Saturday we took it easy and lay by the lake in Queenstown for most of the day. We attempted to go to a gym but after 15 mins I wasn’t sure if I was going to be sick or pass out. Later that evening we met up with the guys from Friday night who had joined up with several more people from their hostel to have drinks and play frisbee in the park. What a great night. We had an Irishman with a fiddle supplying the music, there were Australians, Kiwis, Swedish, German, Russian, Scottish, English, Irish, Korean, Canadian, American, Danish. People passing would join in drinking and chatting, telling stories of their travels and home countries then move on. Was great great fun. Favourite night so far and if that’s what backpacking is all about I want more of the same please in OZ.

 

Sunday Tommy and I decided to drive to Milford Sounds. Apprently Rudyard Kipling described it as the 8th wonder of the world. It is fantastic scenery in Fiordlands, where the ice has carved huge ‘alleys’ through the mountains in South New Zealand’s beautiful natural wonder. The scenery and the drive is quite spectacular although an 8 hour round trip with a stinking hangover and a moody scotsman isn’t really the best conditions for a trip. Another of our ‘things to do’ in NZ ticked off however.

 

Today we checked out early and decided to try NZ’s highest bungee and the world’s biggest swing, both over the Nevis river. These were probably the most frightening things we did, especially for our wallets. The 150m bungee starts with a mini cable car ride across the canyon in a small cage onto a bigger cable car suspended over the middle of the canyon. The ride in the cage was frightening enough and the speed at which they attached people to the bungee rope before throwing them out of the cable car wasn’t the most reassuring. All in all its a thrilling and terrifying experience. The swing is a little less frantic but just as frightening. The swing starts from another cable car hanging over the canyon which you get to across a long suspension bridge. The actual swing I can’t remember. I started off hanging upside down facing the abyss before me when I heard velcro unfastening. At this point I was let go. My brain must have switched off through fear as those first few seconds are a blur. Truly terrifying stuff. I have videos on facebook for these! Apparently the velcro wasn’t anything important. Scared me to death though!

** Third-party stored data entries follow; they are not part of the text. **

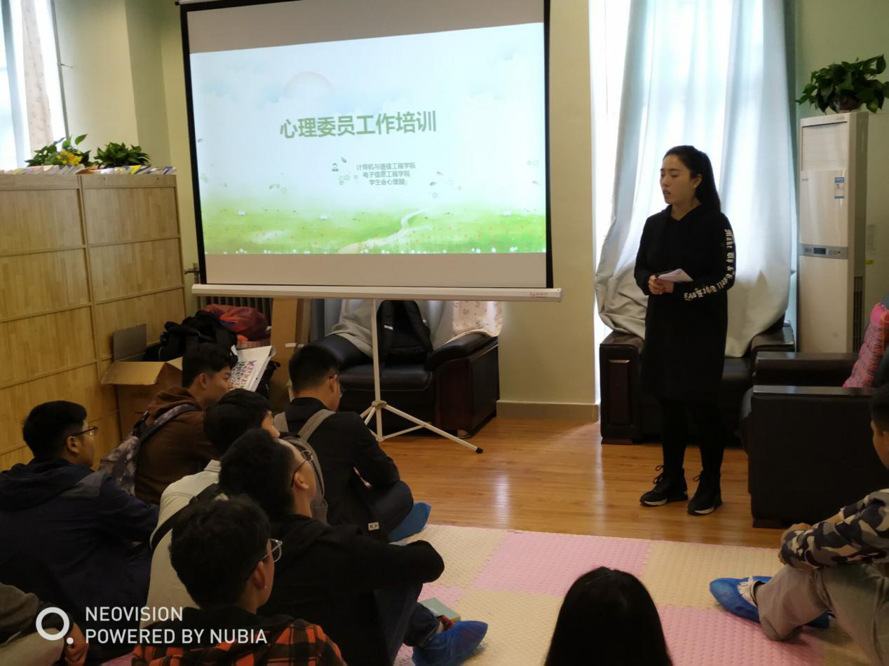 10月18日中午,我院心理健康专职辅导员司丽娜老师、田文老师在计算机楼200分别召开心理委员培训工作,16级、17级各班心理委员与院学生会心理部成员参与了此次活动。本次活动通过PPT展示、心理疏导等途径为大家讲解了大学生心理较易出现的一些问题,教导大家如何关注大学生心理健康。通过宣传心理健康知识,正确引导大学生合理规划日常生活、学习和工作,帮助同学们更好度过大学四年,促进学生全面健康发展,培养学生形成健全的人格,树立健康积极的人生态度。
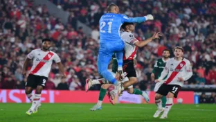 No lance, o goleiro do Verdão saiu do gol e deu uma ‘joelhada’ nas costas do jogador do time argentino, mas foi salvo pelo VAR, que anulou o lance por causa de impedimento de Montiel.
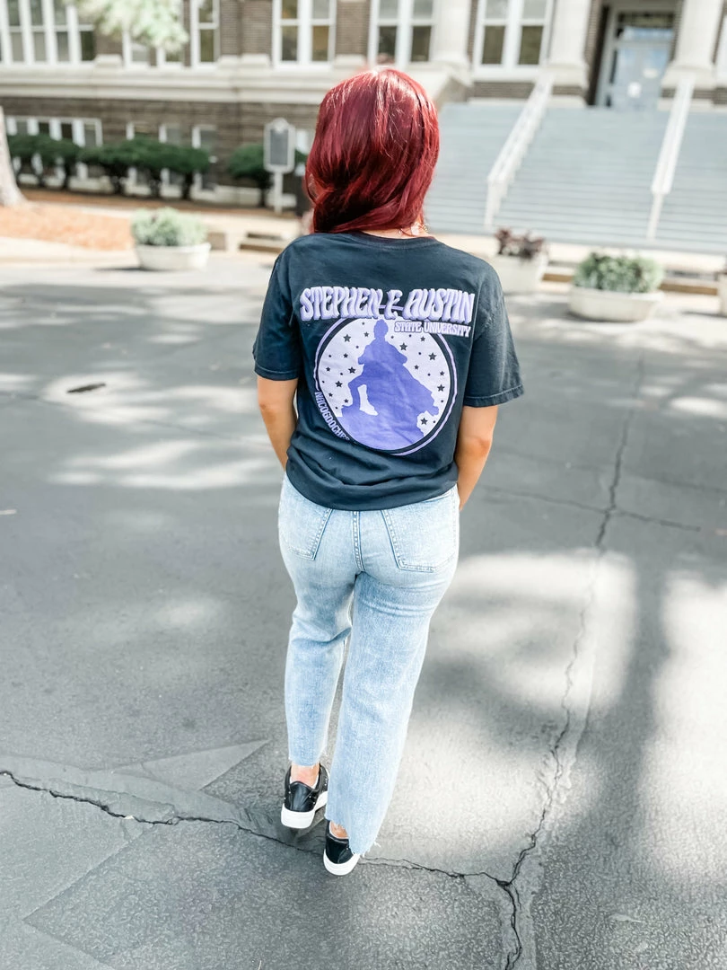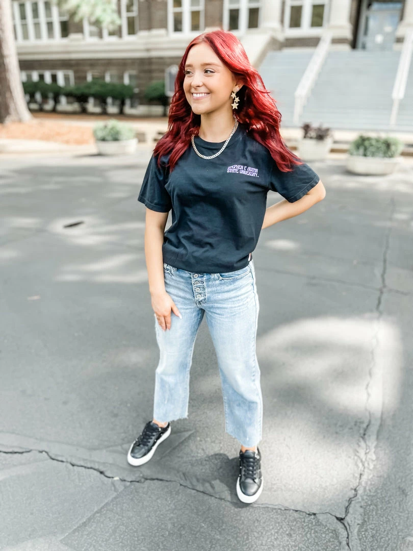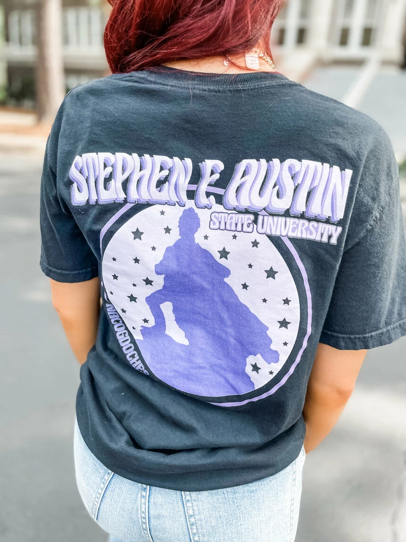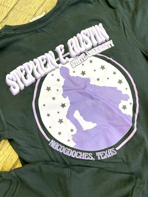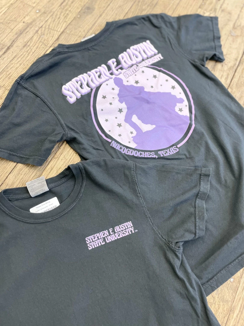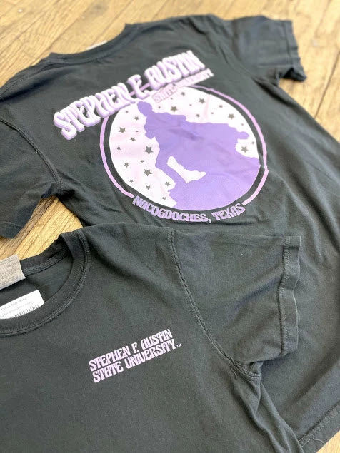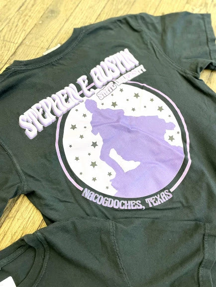 Lumberjacks will always have our hearts, BUT so does this new tee! We love a front and back designed top! Featured on a Comfort Colors Top is our purple Stephen F Austin Design ~ Perfect for back to school and welcoming any new Jacks to Nac!
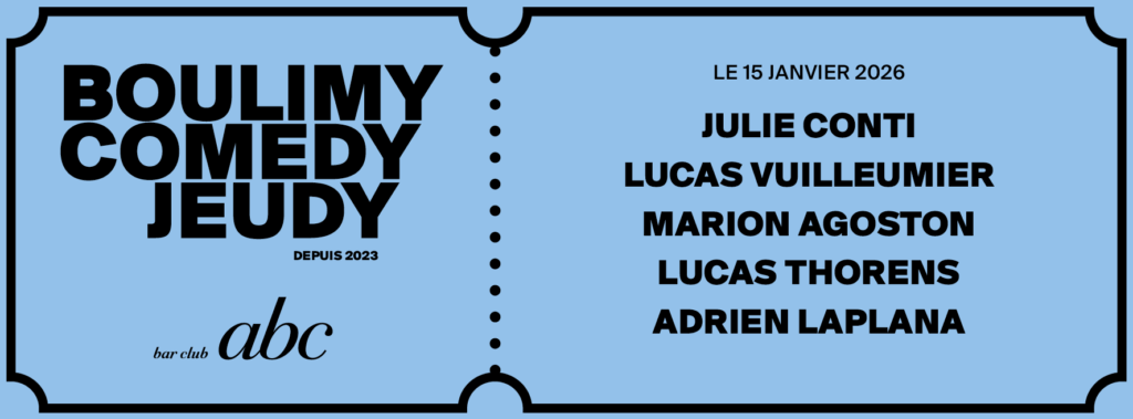 Afin de vous les présenter, le théâtre Boulimie crée le BoulimyComedyJeudy – un rendez-vous mensuel de standup à l’ABC, club parfait pour y proposer des plateaux du genre !
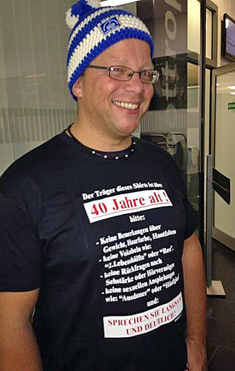 Mit seinen nunmehr 40 Jahren wird Marc wohl endgültig zum „alten Sack“ (zu-mindest hörte er die Bezeich-nung heute des Öfteren). Neben vielen Ge-schenken bekam er heute wieder seinen „Leib- und Magen-kuchen“ von Jil.
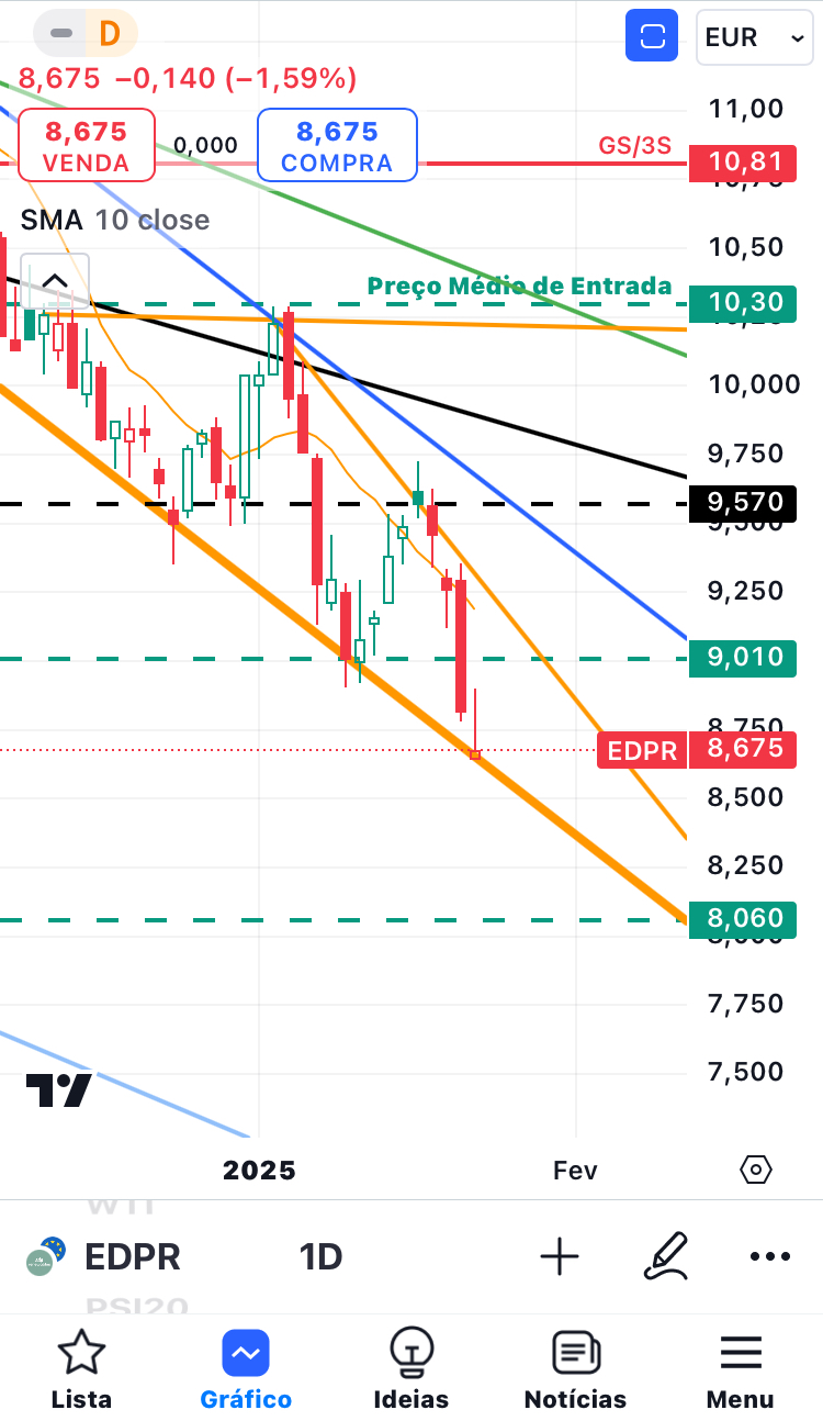 Algumas ações têm descido, como a EDPR e a DHER, mas ainda acredito nelas. No entanto, se os índices continuarem a subir e elas não acompanharem, vou acabar por vendê-las. Mas ainda acho que isso não vai acontecer.

To see a video of the jump, click http://www.ididit.co.nz/ididit/profile/12176?action=viewvideo&id=174517

So that’s it for NZ. Australia’s up next. I don’t know if I’ve gone into too much detail or not enough but at least the flight has flown (no pun intended) by as I’ve relived the last week. My budget has well and truly been blown but what amazing experiences and spectacular scenery. Queenstown is a very touristy busy place and despite the lack of New Zealanders in the town it is friendly and fun packed. The surrounding areas may look like Wales or Ireland or Scotland but it’s a very different experience and one I wouldn’t mind revisiting one winter season.